MembraneAnalysis.jl

MembraneAnalysis.jl is a Julia package for analyzing simulations of multi-component lipid bilayers. For membranes simulated in a flat geometry, fluctuation modes of membrane surface height, membrane thickness, and lateral distributions of membrane species can be calculated to be used in determining the mechanical properties of the membrane. The package includes functionality to utilize a novel theoretical framework (1, 2) to determine the spatial extent of the influence of a single lipid molecule (or embedded protein) on the mechanical properties of the surrounding membrane, which allows us to determine curvature and thickness preference of membrane species, as well as spatial correlations between them.

MembraneAnalysis.jl is designed to be used by biophysical researchers in need of a fast analysis tool that can be easily built upon to enable implementation of new computational methods to guide theoretical descriptions of membrane physics.

Some of the membrane properties that MembraneAnalysis.jl can determine include:

  • Bending modulus of the membrane via multiple fluctuation-based approaches
  • Area expansion modulus of the membrane
  • Relative spontanous curvature of the lipid species
  • Nuetral surface of the membrane
  • Relative thickness preference of the lipid species
Basic Tutorial

A tutorial demonstrating an example usage of the package can be found here.

Input Data Organization

The files used as input data by the functions in this package include (a subset of):

  1. a PDB structure file of the membrane simulation
  2. a trajectory file of the membrane simulation (of any format supported by the Chemfiles.jl package), or a list of multiple trajectory files
  3. files containing intermediate values generated as output by other functions in the package (either plain text files with the .dat extension, or HDF5 binary data files with .h5 extension)

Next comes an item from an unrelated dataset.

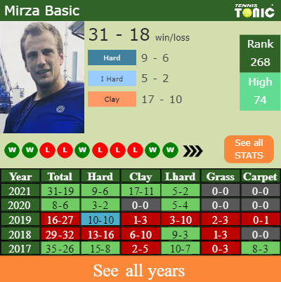 The Bosnian has an overall 31-19 win-loss record in 2021, 17-11 on clay (See FULL STATS).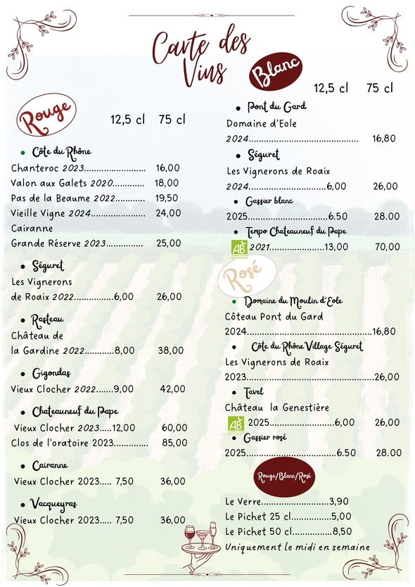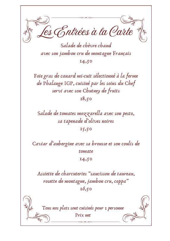 Découvrez la carte de Chez Maria et Didier, restaurant traditionnel à Tarascon dans les Bouches-du-Rhône !

We recommend placing the structure file and trajectory file(s) in same directory where the code is run from, and store the generated output files in the same folder as well.

If you have multiple trajectory files representing consecutive segments of a simulation, make sure that your input list of trajectory files is in the correct order if you wish to use the error estimates for the output values that are calculated using the blocking method (3).